2. Şeytan (1973) The Exorcist



IMDb: 8.0

Endişe sinemasının kültlerinden olan "The Exorcist" küçük bir kızın, mistik güçler tarafından ele geçirilmesiyle başlıyor.  

Yeni sinemasının çekimleri sırasında 12 yaşındaki kızı Regan'ın tuhaf hareketler sergilemeye başladığını fark eden aktris Chris MacNeil, kızını doktora götürür. Hekimler beyninde süreksiz bir hasar olabileceğini söyleseler de bu hadise daha evvel rastlanmamış cinstendir. Bir seri tıbbi testten sonra küçük kızın hiçbir sorunu olmadığı ortaya çıkar. Fakat Regan'ın tuhaf halleri sona erecek üzere değildir. Küçük kız son derece şiddetli bir halde titremekte, garip sesler çıkarıp hiçbir manası olmayan hareketlerde bulunmaktadır. Bu ürkütücü durum karşısında çaresiz kalan Chris, kızını birebir vakitte psikiyatr olan Peder Merrin'e götürür. Peder, Regan'ın içine şeytan girdiğini tespit edecek, aile çaresizce bu durumdan kurtulmaya çalışacaktır.

1. Persepolis (2007)



IMDb: 8.0

Bruce Lee’nin öğrencisi olmak üzere hayallerle dolu olan küçük Marji, ihtilal sonrası her geçen gün muhafazakarlaşan İran’da ömrünün nasıl değiştiğini, özgürlüklerini ve haklarını nasıl kaybettiğini bize siyah beyaz estetik karelerde anlatıyor. 

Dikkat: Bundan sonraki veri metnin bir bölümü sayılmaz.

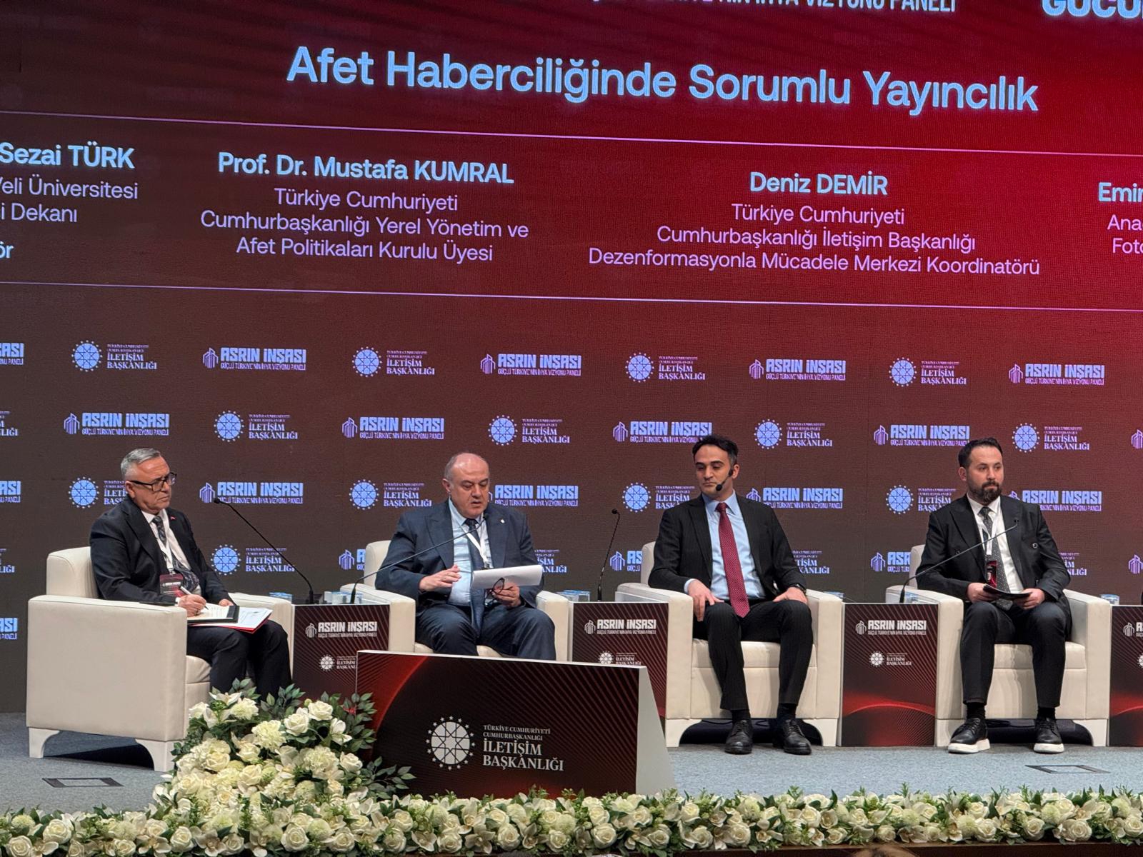 Cumhurbaşkanlığı İletişim Başkanlığı, Avrupa Birliği Erasmus+ Programı kapsamında desteklenmeye hak kazanan “Afet Haberciliği: Haberi Felakete Dönüştürmeden Önlemek” (Disaster Journalism: Preventing the News From Turning into a Disaster) projesinin kapanışının yapılması ve ülkemizin bölgeyi ihya ve inşa çalışmalarındaki başarısının ortaya konulması amacıyla uzman akademisyenler, sektör ve kamu kurumu temsilcilerinin katılımıyla “Asrın Eseri: Güçlü Türkiye’nin İhya Vizyonu Paneli” düzenlendi. Cumhurbaşkanlığı İletişim Başkanlığı Konferans Salonunda gerçekleştirilen panele; Çevre, Şehircilik ve İklim Değişikliği Bakanı Murat Kurum, Cumhurbaşkanlığı İletişim Başkanı Prof. Dr. Burhanettin Duran, Aile ve Sosyal Hizmetler Bakan Yardımcısı Dr. Sevim Sayım Madak, Ulaştırma ve Altyapı Bakan Yardımcısı Dr. Ömer Fatih Sayan ile İçişleri Bakan Yardımcısı Münir Karaloğlu’nun yanı sıra bakanlık, üniversite ve medya temsilcileri katıldı. Etkinliğe, Üniversitemiz adına Kurumsal İletişim Koordinatörü Prof. Dr. Ferhat Korkmaz katılım sağladı.

İran’da 6 kıymetli sahnesi sansürlense de gösterime girmeyi başaran Persepolis, İran Farabi Fonu isimli örgütün yazdığı tehditvari mektuba karşın 2007 Cannes Sinema Festivali’nde gösterilir. Fakat birebir durum Bangkok Sinema Festivali’nde de yaşanır ve sinema, şenliğin organizatörleri ile İran Büyükelçiliği’nin yaptığı görüşme sonrasında şenlikten kaldırılır.

İran’da yaşananlar üzerinden üniversal bir özgürlük haykırışı sunan Persepolis’in sinemasıyla birlikte çizgi romanı da başta İslam ülkeleri olmak üzere pek çok yerde ya yasaklanmış ya da belirli kısımları sansüre kurban gitmiştir.